Goal of the exercise => Pictures don't belong in the copy; print all the records exactly.

Recorded information =>
::::

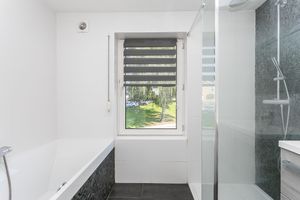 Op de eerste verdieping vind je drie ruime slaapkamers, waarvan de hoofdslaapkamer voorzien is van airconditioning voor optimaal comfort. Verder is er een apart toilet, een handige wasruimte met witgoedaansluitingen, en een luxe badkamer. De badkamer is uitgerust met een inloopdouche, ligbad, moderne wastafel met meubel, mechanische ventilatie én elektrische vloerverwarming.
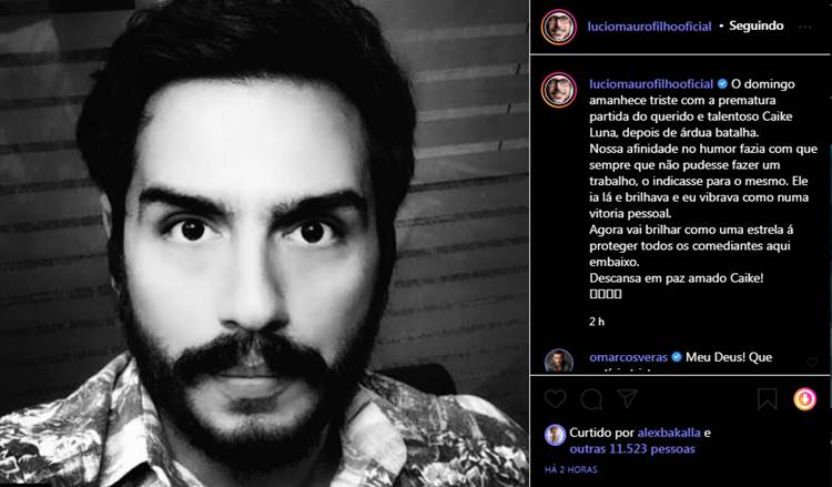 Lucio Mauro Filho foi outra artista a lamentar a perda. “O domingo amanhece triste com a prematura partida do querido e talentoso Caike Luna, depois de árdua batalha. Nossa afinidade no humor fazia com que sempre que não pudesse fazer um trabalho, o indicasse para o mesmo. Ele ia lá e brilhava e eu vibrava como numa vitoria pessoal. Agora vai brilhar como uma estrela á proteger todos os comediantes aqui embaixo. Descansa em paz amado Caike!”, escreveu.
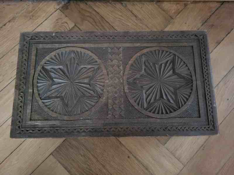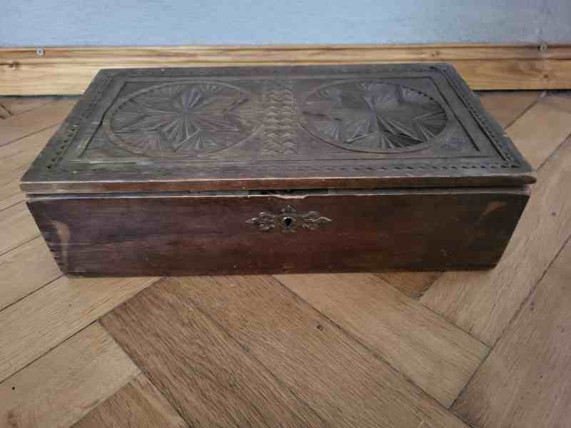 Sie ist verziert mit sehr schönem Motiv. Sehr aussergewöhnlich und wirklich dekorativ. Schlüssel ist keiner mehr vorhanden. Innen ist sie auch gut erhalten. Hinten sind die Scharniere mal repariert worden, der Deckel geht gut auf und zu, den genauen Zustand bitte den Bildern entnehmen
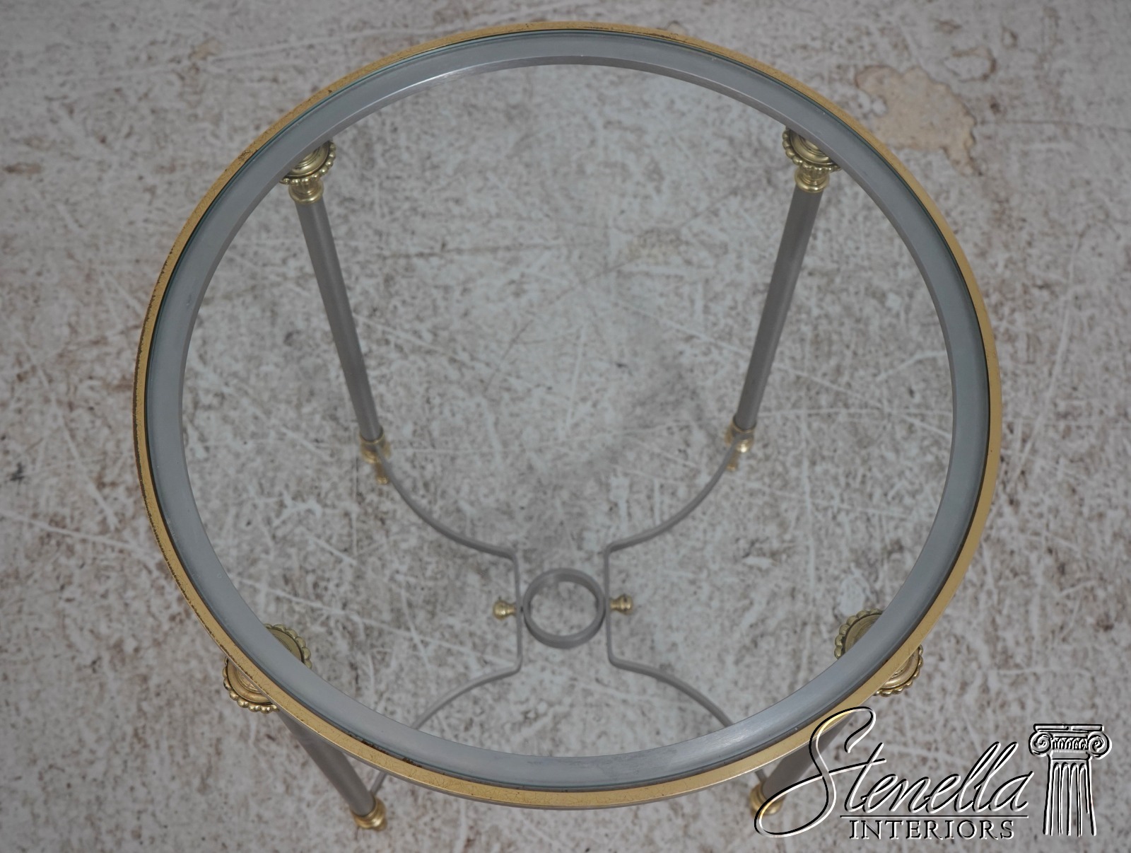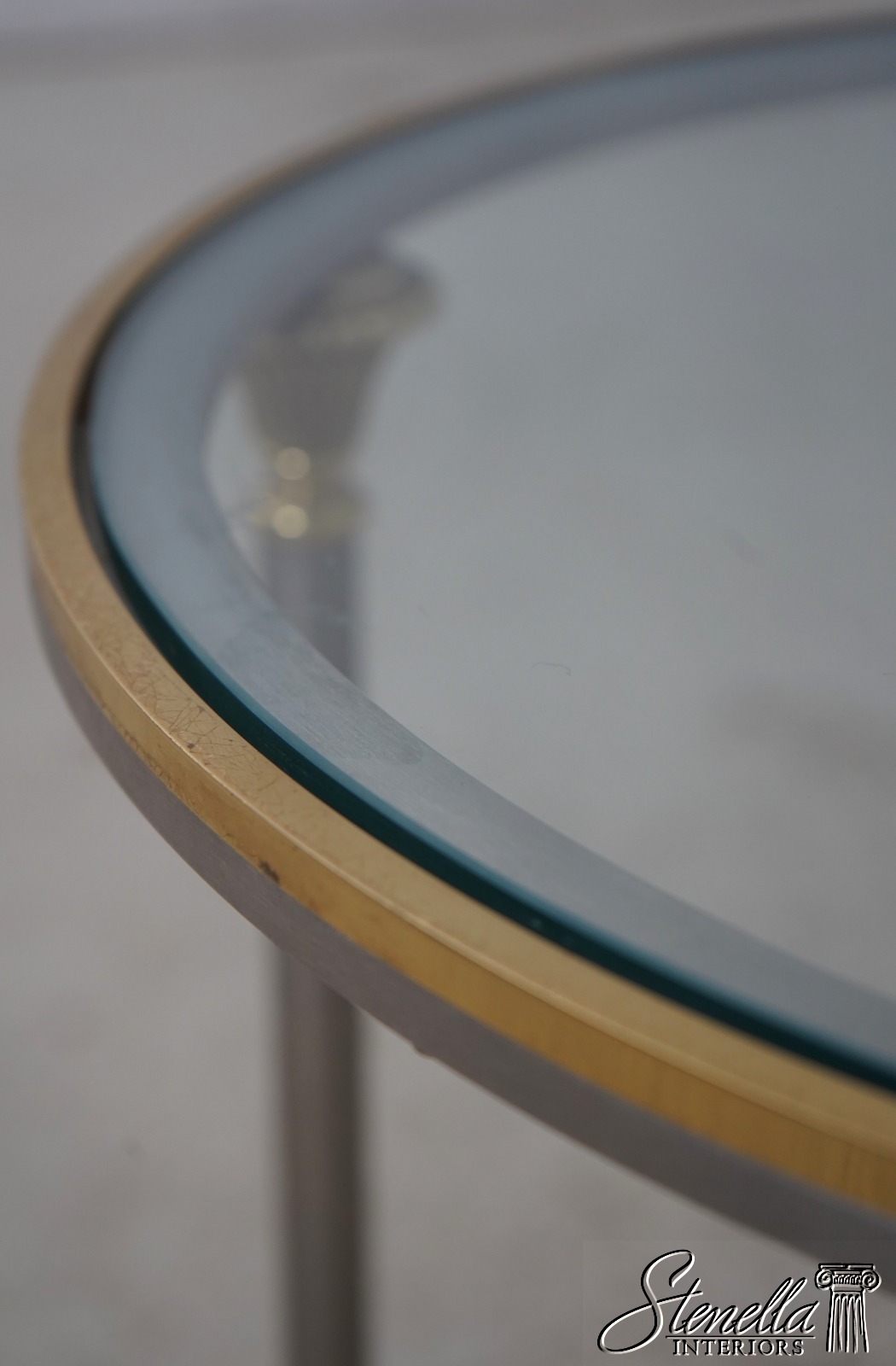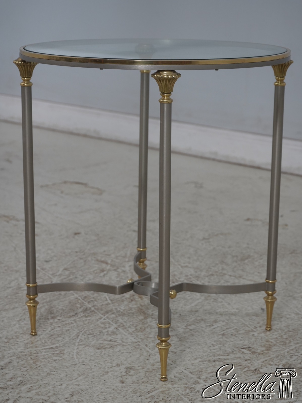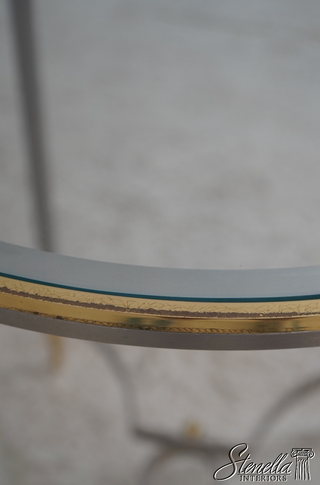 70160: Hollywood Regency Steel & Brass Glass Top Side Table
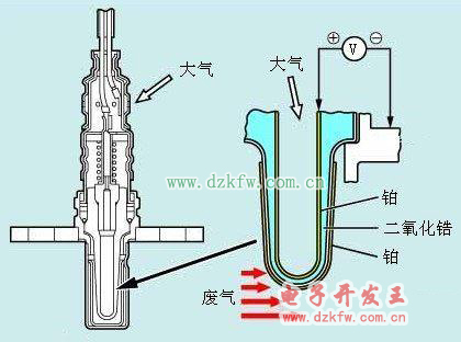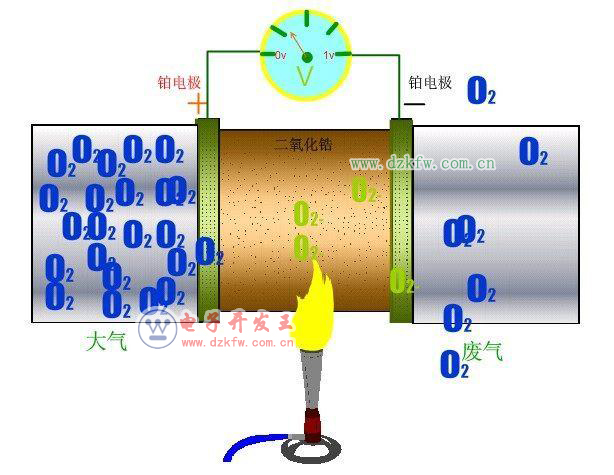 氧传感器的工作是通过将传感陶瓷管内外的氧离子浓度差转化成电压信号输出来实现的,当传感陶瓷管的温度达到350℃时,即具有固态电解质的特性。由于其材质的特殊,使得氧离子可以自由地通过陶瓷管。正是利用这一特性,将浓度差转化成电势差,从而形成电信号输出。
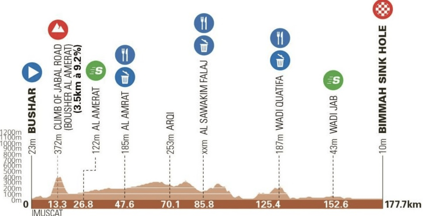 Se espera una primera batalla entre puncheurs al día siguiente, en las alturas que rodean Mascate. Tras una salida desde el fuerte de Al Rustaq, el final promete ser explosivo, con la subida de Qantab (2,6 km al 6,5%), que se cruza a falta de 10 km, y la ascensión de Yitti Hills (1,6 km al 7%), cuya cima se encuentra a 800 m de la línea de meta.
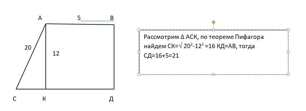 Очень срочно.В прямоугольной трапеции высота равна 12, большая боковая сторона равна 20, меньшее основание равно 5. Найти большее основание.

::::

Solved problem =>
 Op de eerste verdieping vind je drie ruime slaapkamers, waarvan de hoofdslaapkamer voorzien is van airconditioning voor optimaal comfort. Verder is er een apart toilet, een handige wasruimte met witgoedaansluitingen, en een luxe badkamer. De badkamer is uitgerust met een inloopdouche, ligbad, moderne wastafel met meubel, mechanische ventilatie én elektrische vloerverwarming.
 Lucio Mauro Filho foi outra artista a lamentar a perda. “O domingo amanhece triste com a prematura partida do querido e talentoso Caike Luna, depois de árdua batalha. Nossa afinidade no humor fazia com que sempre que não pudesse fazer um trabalho, o indicasse para o mesmo. Ele ia lá e brilhava e eu vibrava como numa vitoria pessoal. Agora vai brilhar como uma estrela á proteger todos os comediantes aqui embaixo. Descansa em paz amado Caike!”, escreveu.
 Sie ist verziert mit sehr schönem Motiv. Sehr aussergewöhnlich und wirklich dekorativ. Schlüssel ist keiner mehr vorhanden. Innen ist sie auch gut erhalten. Hinten sind die Scharniere mal repariert worden, der Deckel geht gut auf und zu, den genauen Zustand bitte den Bildern entnehmen
 70160: Hollywood Regency Steel & Brass Glass Top Side Table
 氧传感器的工作是通过将传感陶瓷管内外的氧离子浓度差转化成电压信号输出来实现的,当传感陶瓷管的温度达到350℃时,即具有固态电解质的特性。由于其材质的特殊,使得氧离子可以自由地通过陶瓷管。正是利用这一特性,将浓度差转化成电势差,从而形成电信号输出。
 Se espera una primera batalla entre puncheurs al día siguiente, en las alturas que rodean Mascate. Tras una salida desde el fuerte de Al Rustaq, el final promete ser explosivo, con la subida de Qantab (2,6 km al 6,5%), que se cruza a falta de 10 km, y la ascensión de Yitti Hills (1,6 km al 7%), cuya cima se encuentra a 800 m de la línea de meta.
 Очень срочно.В прямоугольной трапеции высота равна 12, большая боковая сторона равна 20, меньшее основание равно 5. Найти большее основание.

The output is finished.